On Thu, Jul 03, 2025 at 05:31:09PM +0100, Mark Rutland wrote:

> > How do I find the SoC exactly?
> 
> >From what you've told me above, the SoC is Nvidia Grace; what they call
> the CPU is the whole SoC.
> 
> > > Likewise that might imply more folk to add to Cc.
> 
> I've added Ankit and Besar, since they've both worked on some system
> level bits on Grace, and might have an idea.
> 
> Ankit, Besar, are you aware of any UART issues on Grace (as described in
> Breno's messages below), or do you know of anyone who might have an
> idea?

Here is more information I got about this problem. TL;DR: While the
machine is booting, it is throttled by the UART speed, while having IRQ
disabled.

Here is my line of investigation:

1) when the kernel start to flush the messages, there are ~700 messages
   in the buffer that will be flushed using
   pl011_console_write_atomic()

	[    0.653673] printk: console [ttyAMA0] enabled
	[    9.239225] ACPI: PCI Root Bridge [PCI2] (domain 0002 [bus 00-ff])

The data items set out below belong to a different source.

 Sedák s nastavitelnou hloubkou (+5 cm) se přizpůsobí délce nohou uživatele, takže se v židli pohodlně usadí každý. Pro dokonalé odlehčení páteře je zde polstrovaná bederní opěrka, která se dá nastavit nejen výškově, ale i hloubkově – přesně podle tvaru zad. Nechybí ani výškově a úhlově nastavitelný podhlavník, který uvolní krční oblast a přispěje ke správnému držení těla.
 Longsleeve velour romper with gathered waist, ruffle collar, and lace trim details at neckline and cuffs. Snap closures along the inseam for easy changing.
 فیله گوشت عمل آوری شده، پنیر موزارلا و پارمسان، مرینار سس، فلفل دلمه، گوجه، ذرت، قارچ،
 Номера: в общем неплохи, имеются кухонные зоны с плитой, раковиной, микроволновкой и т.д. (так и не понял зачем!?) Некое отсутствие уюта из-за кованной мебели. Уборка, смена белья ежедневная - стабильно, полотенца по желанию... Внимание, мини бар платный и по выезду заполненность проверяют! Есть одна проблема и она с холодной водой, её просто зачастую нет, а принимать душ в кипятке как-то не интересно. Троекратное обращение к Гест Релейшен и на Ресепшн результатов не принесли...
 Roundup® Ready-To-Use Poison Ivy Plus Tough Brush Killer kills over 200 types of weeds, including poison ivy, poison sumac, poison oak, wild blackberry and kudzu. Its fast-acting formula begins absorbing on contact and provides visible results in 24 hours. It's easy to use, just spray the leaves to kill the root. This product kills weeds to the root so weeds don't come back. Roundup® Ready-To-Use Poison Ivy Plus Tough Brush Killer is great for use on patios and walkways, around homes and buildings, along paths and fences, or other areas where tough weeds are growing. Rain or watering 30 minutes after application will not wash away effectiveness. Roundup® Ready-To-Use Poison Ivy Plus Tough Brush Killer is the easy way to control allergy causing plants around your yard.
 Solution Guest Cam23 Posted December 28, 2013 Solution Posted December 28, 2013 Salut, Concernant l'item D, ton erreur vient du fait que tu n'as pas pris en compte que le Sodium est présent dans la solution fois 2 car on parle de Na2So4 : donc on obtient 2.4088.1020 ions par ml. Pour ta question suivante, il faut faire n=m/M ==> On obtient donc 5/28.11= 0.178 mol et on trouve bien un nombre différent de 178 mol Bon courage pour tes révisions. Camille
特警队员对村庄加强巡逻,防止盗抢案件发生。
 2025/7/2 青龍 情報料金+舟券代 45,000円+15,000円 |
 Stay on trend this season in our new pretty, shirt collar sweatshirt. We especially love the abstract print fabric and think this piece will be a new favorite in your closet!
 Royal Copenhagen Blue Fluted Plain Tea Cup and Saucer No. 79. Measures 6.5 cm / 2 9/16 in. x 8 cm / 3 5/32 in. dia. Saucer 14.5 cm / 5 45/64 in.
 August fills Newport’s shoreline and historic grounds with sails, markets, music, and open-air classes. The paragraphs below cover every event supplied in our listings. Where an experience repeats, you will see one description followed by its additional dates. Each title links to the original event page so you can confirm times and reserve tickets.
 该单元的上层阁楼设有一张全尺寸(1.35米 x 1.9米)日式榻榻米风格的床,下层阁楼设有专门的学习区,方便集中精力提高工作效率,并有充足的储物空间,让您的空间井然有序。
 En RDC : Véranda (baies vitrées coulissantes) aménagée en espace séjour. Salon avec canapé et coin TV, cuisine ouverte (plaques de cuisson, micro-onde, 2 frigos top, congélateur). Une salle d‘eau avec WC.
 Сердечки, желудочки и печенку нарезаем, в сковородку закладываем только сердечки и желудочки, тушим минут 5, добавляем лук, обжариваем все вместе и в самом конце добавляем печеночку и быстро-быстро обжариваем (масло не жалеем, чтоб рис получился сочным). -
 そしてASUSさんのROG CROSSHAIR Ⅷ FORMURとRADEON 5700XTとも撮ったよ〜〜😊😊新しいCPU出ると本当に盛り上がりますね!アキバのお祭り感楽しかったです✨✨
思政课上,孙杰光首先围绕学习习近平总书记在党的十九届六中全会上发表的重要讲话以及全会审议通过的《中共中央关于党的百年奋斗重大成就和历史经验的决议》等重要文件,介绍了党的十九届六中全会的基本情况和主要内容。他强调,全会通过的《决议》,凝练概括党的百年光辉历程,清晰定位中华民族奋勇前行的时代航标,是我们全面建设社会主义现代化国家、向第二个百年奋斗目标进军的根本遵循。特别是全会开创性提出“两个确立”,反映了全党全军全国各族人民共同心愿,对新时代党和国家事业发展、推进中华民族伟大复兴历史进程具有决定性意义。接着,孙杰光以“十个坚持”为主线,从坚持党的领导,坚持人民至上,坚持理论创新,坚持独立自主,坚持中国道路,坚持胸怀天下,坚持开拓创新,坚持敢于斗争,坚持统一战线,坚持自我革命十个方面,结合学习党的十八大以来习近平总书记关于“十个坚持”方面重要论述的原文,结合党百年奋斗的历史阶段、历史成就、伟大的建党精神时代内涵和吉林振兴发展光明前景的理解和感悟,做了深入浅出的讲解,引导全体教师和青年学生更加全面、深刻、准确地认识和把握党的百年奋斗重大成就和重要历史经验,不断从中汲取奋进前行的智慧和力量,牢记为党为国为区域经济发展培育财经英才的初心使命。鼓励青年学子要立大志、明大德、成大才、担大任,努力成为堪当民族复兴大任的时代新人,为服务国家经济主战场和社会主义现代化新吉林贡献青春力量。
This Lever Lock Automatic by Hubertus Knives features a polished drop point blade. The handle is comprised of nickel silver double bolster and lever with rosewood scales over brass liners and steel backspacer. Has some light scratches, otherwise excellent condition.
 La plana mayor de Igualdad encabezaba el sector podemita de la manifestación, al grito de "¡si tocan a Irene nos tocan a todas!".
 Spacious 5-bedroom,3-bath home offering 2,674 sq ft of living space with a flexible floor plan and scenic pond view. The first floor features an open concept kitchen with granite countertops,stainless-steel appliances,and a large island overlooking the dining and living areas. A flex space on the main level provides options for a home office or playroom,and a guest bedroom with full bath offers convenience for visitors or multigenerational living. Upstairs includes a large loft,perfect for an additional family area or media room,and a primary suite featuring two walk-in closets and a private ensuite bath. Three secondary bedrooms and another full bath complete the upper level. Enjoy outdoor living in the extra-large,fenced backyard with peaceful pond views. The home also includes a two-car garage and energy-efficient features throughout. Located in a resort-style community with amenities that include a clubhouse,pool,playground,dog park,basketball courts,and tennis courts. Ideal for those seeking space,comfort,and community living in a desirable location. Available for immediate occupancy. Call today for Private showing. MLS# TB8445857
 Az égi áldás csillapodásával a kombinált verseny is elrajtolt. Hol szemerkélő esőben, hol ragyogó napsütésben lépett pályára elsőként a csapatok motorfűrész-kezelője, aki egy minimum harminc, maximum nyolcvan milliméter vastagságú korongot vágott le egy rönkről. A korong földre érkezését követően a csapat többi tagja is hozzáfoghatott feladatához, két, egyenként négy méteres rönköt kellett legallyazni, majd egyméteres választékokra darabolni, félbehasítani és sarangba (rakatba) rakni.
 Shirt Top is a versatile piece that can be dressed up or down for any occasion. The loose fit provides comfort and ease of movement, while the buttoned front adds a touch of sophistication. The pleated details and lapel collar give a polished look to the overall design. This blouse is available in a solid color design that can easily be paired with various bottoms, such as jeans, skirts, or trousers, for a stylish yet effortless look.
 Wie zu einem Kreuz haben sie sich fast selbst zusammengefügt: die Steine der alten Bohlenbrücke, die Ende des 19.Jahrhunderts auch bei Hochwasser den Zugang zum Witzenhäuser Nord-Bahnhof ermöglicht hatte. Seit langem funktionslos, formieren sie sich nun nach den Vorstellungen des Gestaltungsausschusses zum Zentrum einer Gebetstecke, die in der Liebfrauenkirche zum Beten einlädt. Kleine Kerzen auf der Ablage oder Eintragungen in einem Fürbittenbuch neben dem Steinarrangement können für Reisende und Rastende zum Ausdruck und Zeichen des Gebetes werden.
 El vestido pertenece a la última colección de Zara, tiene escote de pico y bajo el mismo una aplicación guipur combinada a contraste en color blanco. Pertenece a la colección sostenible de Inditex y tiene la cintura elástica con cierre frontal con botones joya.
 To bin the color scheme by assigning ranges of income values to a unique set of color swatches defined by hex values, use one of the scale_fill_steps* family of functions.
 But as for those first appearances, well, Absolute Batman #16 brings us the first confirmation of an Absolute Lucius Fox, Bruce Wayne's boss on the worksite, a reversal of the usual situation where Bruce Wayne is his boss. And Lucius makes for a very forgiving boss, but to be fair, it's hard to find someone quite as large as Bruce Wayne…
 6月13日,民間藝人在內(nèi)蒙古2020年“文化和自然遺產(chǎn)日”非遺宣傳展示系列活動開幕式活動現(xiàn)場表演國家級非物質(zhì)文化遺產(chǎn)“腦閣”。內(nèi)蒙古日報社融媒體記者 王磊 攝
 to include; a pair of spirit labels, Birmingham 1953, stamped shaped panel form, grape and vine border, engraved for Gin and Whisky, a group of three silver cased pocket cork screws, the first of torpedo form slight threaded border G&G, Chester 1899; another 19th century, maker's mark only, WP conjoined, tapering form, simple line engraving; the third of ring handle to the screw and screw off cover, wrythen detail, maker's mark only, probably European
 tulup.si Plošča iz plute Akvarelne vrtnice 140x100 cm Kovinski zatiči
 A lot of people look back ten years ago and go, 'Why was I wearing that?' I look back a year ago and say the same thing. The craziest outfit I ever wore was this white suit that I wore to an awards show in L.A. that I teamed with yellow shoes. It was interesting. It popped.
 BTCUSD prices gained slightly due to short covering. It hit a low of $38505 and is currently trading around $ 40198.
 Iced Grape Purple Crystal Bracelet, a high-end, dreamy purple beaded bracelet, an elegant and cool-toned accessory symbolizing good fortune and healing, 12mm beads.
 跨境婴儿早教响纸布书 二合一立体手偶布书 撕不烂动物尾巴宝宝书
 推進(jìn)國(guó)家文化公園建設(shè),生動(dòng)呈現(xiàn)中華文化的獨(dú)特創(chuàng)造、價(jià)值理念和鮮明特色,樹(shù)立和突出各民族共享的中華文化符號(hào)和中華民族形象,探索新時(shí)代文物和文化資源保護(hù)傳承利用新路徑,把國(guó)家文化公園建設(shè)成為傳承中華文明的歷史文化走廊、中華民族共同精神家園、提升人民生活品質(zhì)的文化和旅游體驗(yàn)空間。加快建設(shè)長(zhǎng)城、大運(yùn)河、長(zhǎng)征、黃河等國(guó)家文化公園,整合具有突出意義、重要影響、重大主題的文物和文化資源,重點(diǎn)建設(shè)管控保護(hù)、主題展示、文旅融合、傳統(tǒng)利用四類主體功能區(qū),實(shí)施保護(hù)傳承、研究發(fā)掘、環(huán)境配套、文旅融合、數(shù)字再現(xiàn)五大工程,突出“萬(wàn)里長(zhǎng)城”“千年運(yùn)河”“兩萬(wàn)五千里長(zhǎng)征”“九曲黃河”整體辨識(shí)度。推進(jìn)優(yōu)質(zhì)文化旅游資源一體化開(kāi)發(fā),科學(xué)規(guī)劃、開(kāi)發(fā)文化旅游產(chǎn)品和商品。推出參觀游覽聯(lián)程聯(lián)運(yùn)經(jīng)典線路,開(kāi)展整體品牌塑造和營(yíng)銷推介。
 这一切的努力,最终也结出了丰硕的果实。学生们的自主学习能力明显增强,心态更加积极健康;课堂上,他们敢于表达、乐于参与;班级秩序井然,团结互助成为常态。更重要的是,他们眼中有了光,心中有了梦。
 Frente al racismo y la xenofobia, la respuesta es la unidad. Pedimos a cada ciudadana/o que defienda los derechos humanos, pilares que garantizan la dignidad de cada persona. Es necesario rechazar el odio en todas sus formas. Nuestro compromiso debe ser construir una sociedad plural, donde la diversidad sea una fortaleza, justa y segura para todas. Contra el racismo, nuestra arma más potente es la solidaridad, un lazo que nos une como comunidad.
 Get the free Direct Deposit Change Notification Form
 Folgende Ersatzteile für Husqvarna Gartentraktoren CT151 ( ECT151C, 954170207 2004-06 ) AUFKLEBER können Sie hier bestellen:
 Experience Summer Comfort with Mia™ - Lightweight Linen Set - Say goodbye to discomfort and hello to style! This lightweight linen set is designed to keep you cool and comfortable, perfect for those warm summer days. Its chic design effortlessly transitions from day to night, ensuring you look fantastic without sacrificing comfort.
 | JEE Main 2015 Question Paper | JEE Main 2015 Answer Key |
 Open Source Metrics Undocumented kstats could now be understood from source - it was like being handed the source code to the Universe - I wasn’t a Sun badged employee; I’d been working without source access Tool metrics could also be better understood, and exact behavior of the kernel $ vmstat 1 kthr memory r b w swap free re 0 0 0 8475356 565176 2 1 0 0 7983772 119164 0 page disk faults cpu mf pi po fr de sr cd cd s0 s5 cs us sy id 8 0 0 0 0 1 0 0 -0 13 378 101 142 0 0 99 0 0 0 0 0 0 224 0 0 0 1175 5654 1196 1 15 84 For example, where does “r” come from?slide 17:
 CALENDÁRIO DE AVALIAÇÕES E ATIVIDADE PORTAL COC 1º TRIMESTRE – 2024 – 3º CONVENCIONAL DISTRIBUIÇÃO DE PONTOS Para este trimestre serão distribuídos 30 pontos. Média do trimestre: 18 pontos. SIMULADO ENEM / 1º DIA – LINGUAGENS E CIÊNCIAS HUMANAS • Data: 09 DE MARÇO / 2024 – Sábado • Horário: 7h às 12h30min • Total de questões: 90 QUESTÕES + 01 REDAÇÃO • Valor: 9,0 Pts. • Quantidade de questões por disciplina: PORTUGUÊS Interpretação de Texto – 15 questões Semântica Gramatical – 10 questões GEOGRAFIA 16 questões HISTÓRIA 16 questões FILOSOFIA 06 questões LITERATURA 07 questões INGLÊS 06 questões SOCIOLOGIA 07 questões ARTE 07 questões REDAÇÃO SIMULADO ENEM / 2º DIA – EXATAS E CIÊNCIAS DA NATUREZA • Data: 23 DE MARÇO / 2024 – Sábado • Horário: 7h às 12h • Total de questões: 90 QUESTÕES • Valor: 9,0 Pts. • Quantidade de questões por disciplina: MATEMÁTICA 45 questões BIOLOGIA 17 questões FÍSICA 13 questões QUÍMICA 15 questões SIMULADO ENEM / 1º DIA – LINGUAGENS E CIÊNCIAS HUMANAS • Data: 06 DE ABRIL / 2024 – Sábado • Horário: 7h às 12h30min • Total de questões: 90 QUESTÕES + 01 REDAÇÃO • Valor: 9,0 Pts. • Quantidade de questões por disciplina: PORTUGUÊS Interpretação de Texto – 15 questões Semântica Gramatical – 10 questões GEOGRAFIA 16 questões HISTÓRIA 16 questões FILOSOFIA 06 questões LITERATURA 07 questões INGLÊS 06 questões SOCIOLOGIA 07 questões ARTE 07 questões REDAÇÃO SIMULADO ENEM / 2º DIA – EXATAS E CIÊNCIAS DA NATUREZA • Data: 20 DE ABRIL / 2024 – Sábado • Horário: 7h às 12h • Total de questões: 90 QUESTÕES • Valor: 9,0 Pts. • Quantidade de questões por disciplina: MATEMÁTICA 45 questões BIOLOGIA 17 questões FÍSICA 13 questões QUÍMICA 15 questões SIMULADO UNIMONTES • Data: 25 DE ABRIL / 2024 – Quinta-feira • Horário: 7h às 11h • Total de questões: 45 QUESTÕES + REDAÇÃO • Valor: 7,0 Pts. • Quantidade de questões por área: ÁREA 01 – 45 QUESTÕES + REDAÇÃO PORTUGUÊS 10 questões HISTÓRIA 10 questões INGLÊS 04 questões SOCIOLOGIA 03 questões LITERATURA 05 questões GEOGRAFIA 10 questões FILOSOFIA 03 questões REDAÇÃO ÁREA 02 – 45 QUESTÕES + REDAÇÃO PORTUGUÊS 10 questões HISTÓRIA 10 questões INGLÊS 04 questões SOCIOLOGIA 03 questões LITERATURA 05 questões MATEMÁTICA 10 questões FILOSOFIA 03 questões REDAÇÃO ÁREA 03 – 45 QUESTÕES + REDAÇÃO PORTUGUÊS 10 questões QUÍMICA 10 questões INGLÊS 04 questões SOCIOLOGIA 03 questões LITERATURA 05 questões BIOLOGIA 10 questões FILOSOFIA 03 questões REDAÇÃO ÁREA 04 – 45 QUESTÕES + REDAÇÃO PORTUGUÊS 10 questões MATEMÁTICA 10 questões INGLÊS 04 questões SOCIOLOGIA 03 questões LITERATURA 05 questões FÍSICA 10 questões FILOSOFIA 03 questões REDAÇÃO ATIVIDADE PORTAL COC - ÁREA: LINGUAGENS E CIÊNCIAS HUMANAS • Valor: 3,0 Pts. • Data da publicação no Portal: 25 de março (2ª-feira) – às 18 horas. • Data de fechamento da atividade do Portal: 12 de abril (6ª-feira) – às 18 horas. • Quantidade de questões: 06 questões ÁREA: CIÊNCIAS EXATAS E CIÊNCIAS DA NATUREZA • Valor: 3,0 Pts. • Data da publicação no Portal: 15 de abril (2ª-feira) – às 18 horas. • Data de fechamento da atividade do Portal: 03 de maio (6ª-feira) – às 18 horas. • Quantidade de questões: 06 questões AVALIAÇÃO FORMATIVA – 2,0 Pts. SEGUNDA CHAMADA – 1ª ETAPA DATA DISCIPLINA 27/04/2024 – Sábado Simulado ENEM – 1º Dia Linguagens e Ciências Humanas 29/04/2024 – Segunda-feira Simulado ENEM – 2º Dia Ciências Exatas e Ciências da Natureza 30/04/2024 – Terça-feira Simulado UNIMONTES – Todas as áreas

 a) pl011_console_write_atomic() is called  ~700 times. Each message
 have around 50 chars.

 b) For each char, it needs to wait for it to be sent before proceeding.

3) pl011_console_write_atomic() have two big while()/cpu_relax() blocks.
   One per character and one per message.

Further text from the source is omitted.